What is needed. Below is a set of records. Repeat them verbatim without the pictures.

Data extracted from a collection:
((
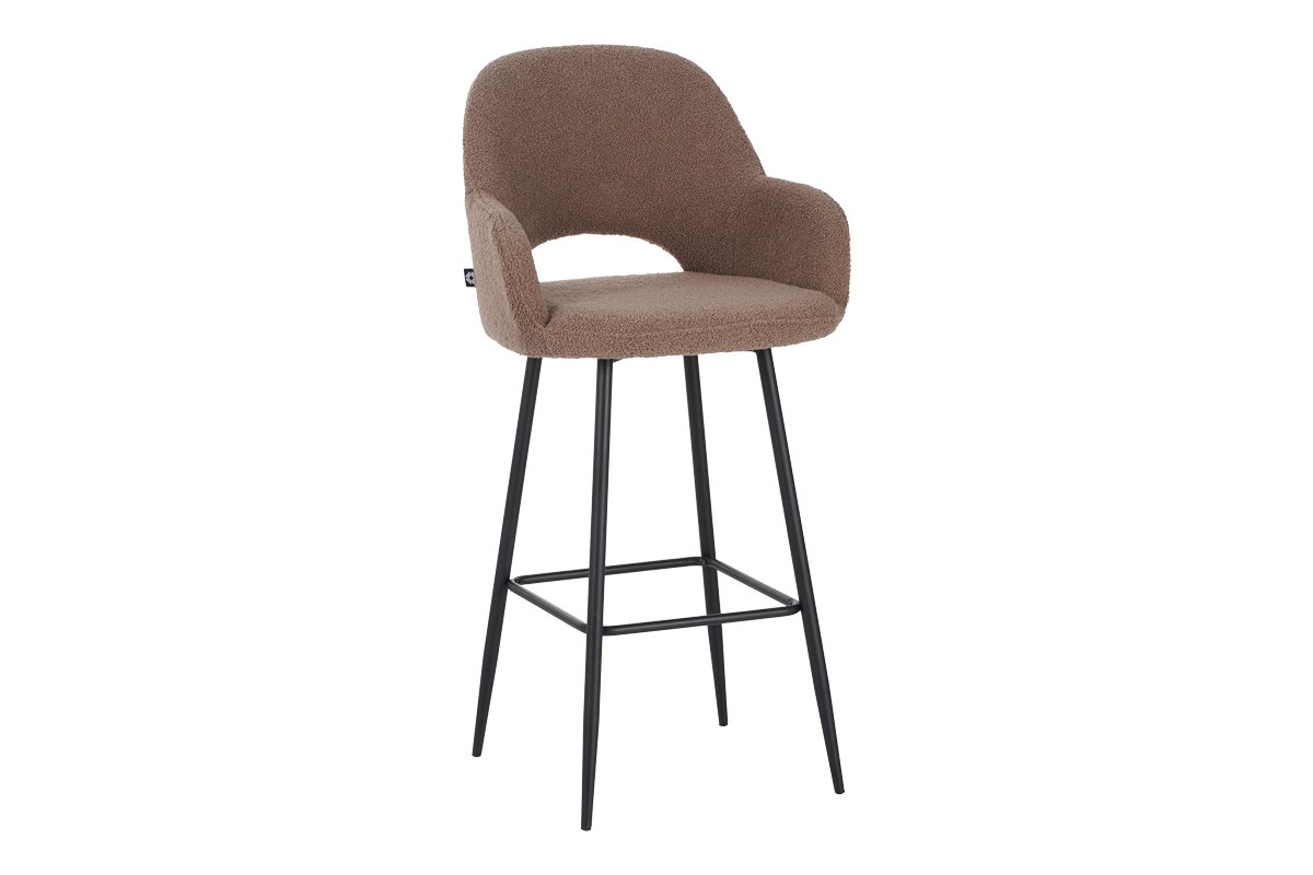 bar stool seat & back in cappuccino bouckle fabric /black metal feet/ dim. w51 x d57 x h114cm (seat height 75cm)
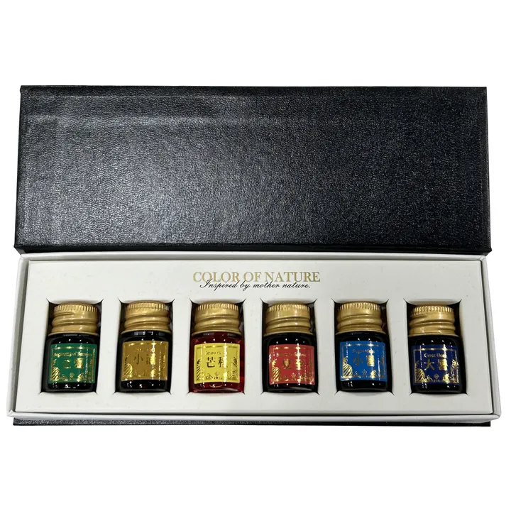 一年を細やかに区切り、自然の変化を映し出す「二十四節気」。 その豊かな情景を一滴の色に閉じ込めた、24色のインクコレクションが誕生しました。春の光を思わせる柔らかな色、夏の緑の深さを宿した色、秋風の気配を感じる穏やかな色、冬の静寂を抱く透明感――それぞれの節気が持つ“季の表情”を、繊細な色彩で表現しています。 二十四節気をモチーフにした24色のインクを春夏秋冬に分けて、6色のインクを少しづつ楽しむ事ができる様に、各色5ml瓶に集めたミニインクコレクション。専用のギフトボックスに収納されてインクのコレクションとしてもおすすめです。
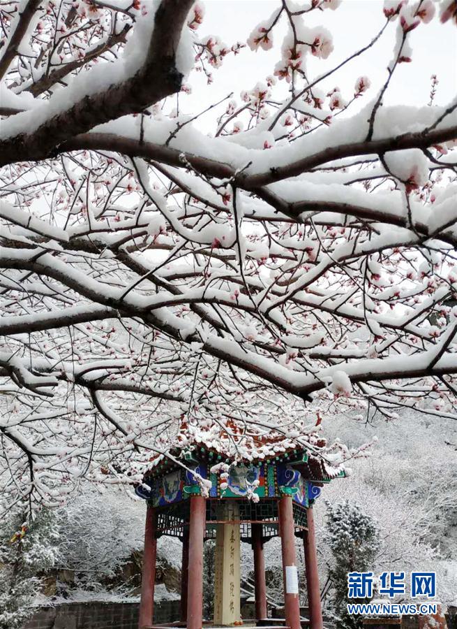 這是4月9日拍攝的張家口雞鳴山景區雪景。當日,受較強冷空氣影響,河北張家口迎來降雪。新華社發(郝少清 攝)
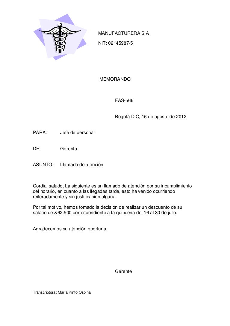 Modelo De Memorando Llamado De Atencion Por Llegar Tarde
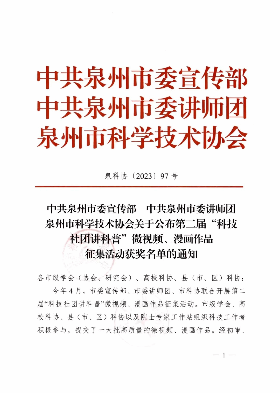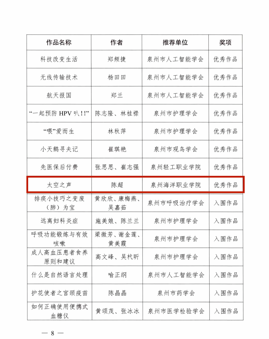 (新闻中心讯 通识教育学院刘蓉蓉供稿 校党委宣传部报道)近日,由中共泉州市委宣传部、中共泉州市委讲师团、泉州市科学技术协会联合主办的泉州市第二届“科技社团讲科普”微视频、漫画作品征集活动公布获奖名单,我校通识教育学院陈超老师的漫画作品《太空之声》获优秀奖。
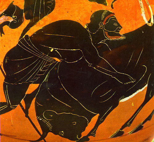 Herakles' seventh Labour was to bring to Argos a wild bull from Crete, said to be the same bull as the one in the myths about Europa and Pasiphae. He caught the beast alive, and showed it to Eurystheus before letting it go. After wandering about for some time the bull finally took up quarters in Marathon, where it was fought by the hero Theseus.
))
Finished exercise.
 bar stool seat & back in cappuccino bouckle fabric /black metal feet/ dim. w51 x d57 x h114cm (seat height 75cm)
 一年を細やかに区切り、自然の変化を映し出す「二十四節気」。 その豊かな情景を一滴の色に閉じ込めた、24色のインクコレクションが誕生しました。春の光を思わせる柔らかな色、夏の緑の深さを宿した色、秋風の気配を感じる穏やかな色、冬の静寂を抱く透明感――それぞれの節気が持つ“季の表情”を、繊細な色彩で表現しています。 二十四節気をモチーフにした24色のインクを春夏秋冬に分けて、6色のインクを少しづつ楽しむ事ができる様に、各色5ml瓶に集めたミニインクコレクション。専用のギフトボックスに収納されてインクのコレクションとしてもおすすめです。
 這是4月9日拍攝的張家口雞鳴山景區雪景。當日,受較強冷空氣影響,河北張家口迎來降雪。新華社發(郝少清 攝)
 Modelo De Memorando Llamado De Atencion Por Llegar Tarde
 (新闻中心讯 通识教育学院刘蓉蓉供稿 校党委宣传部报道)近日,由中共泉州市委宣传部、中共泉州市委讲师团、泉州市科学技术协会联合主办的泉州市第二届“科技社团讲科普”微视频、漫画作品征集活动公布获奖名单,我校通识教育学院陈超老师的漫画作品《太空之声》获优秀奖。
 Herakles' seventh Labour was to bring to Argos a wild bull from Crete, said to be the same bull as the one in the myths about Europa and Pasiphae. He caught the beast alive, and showed it to Eurystheus before letting it go. After wandering about for some time the bull finally took up quarters in Marathon, where it was fought by the hero Theseus.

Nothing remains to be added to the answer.